Another well-known feature of metabolic syndrome is increase of lipid accumulation in the trunk region, which causes excessive visceral fat deposition [19]. Therefore, we dissected and measured the size of the epididimal adipose tissue (EAT) of mice after 10 weeks of diet. The mass of the EAT in the HFD group was increased to 2.05 ± 0.26 g and significantly greater than the ND (0.36 ± 0.08 g), HFD-1% PLT (0.86 ± 0.58 g) and HFD-3%PLT (0.55 ± 0.12 g) groups (Fig. 2a). In addition, we fixed the EAT in paraffin and stained the tissue with H&E. Tissue specimens were observed under a light microscope and the diameters of the adipose cells were measured. Compared with the adipocyte diameter from the ND group (46.93 ± 2.45 μm), the adipocyte diameter of HFD group was increased to 88.47 ± 5.62 μm, while that of HFD-1% PLT and HFD-3%PLT groups were significantly decreased to 50.17 ± 2.56 μm and 49.35 ± 2.09 μm (Fig. 2b).
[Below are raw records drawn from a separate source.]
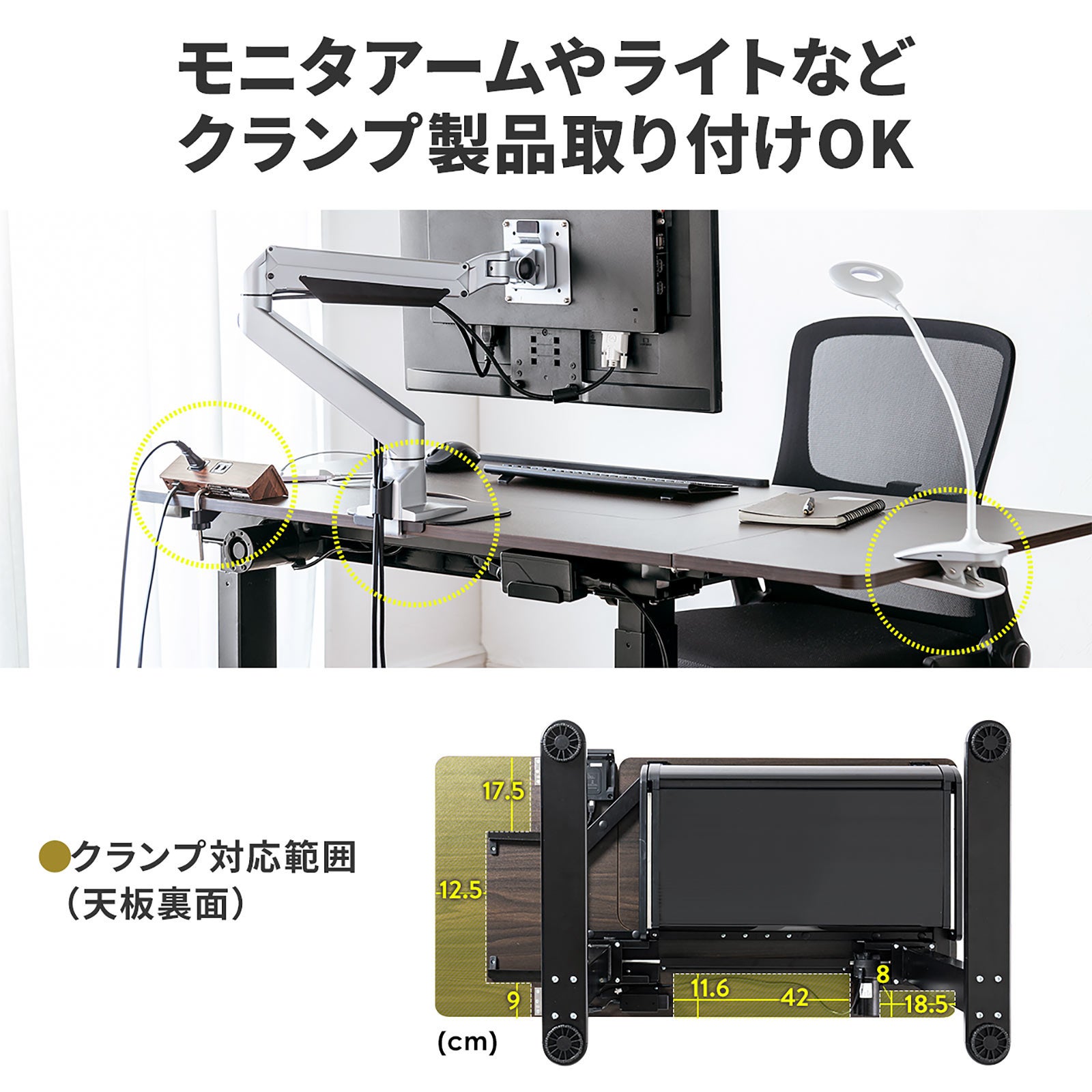クランプ固定のモニタアームやキーボードスライダーの取り付けが可能です。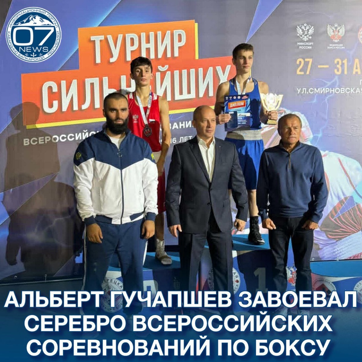 В Люберцах завершились Всероссийские соревнования по боксу среди юношей 15-16 лет «Турнир сильнейших». В спортивных соревнованиях принимали участие 54 спортсмена из 25 регионов Российской Федерации в 13 весовых категориях: 46 кг, 48 кг, 50 кг, 52 кг, 54 кг, 57 кг, 60 кг, 63 кг, 66 кг, 70 кг, 75 кг, 80 кг, 80+кг. Гостем соревнований стал бронзовый призёр чемпионата мира, чемпион Европы Двали Дмитрий. Победа на турнире дает путевку на участие в Играх стран СНГ, а это серьезный, престижный турнир. Наш земляк Альберт Гучапшев завоевал серебряную медаль 🥈 в весовой категории 57 кг. Тренирует спортсмена Аслан Кучменов. Поздравляем бойца и его наставника! Успехов и больших достижений!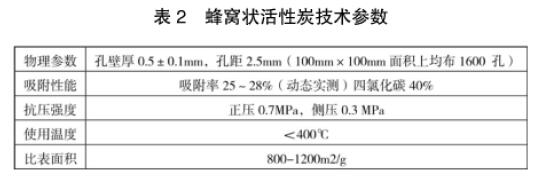 b)吸附箱采用抽屜式結(jié)構(gòu),裝填方便、便于更換。采用新型的活性炭吸附材料——蜂窩狀活性炭,與粒狀相比具有優(yōu)越的動力學(xué)性能。極適合于大風(fēng)量下使用。由于其比重為條形活性炭纖維的8-10倍,再生前吸附有機(jī)溶劑可以達(dá)到活性炭總重量的25%,具有使用壽命長,吸附系統(tǒng)運(yùn)行阻力低,凈化效率高等特點(diǎn)。蜂窩活性炭主要技術(shù)參數(shù)如表2所示:

PLT-fed group had lower cell diameters and smaller cell size (Fig. 2c). This suggests that PLT may affect fat mass in mice.

Fig. 2
figure2

The effect of PLT on fat deposition in C57BL/6 J mice fed an HFD. a The weight of Epididymis adipose tissue (EAT). b The adipocyte diameters were measured. c hematoxylin-eosin staining showed adipocytes in the EAT of mice (original magnification × 200). Data are shown as means ± SEM. * p < 0.05; ** p < 0.01; *** p < 0.001 vs. HFD

PLT administration decreased high fat-induced intracellular lipid accumulation in the livers of the mice

One of the conditions in metabolic syndrome is non-alcoholic fatty liver disease, which is characterized by triglyceride accumulation in the hepatocytes [20, 21]. First, we weighed the livers and measured the hepatic triglyceride (TG) and hepatic cholesterol levels of the mice to monitor the degrees of lipid deposition in liver. We found that the liver weight of the HFD group (1.23 ± 0.09 g) was significantly higher than the ND (0.94 ± 0.06 g), HFD-1% PLT (1.10 ± 0.07 g) and HFD-3%PLT (0.94 ± 0.15 g) groups (Fig. 3a). The hepatic TG was significantly lower in the HFD-3% PLT group than the HFD group (Fig. 3b). In addition, the hepatic cholesterol levels of the HFD group were higher than the ND and HFD-PLT groups (Fig. 3c). Next, we hypothesized that the increased weight of the livers may be attributable to lipid accumulation. Liver tissue sections of the HFD mice showed accumulation of lipid droplets that displaced the nucleus (macrovesicular steatosis) (Fig. 3d). Lipid accumulation was much lower in the hepatocytes of the PLT-treated groups than the HFD group. The findings implied that the high-fat diet increased lipid levels in the mice and caused lipid accumulation in the livers, and PLT protected the HFD mice from lipid accumulation in the liver.

Fig. 3
figure3

The effect of PLT on lipid accumulation in the livers of C57BL/6 J mice fed an HFD. a Liver weight, b hepatic TG level, c hepatic cholesterol. Data are shown as means ± SEM. * p < 0.05; ** p < 0.01; *** p < 0.001 vs HFD. d Hematoxylin and eosin staining of hepatocytes (original magnification × 200)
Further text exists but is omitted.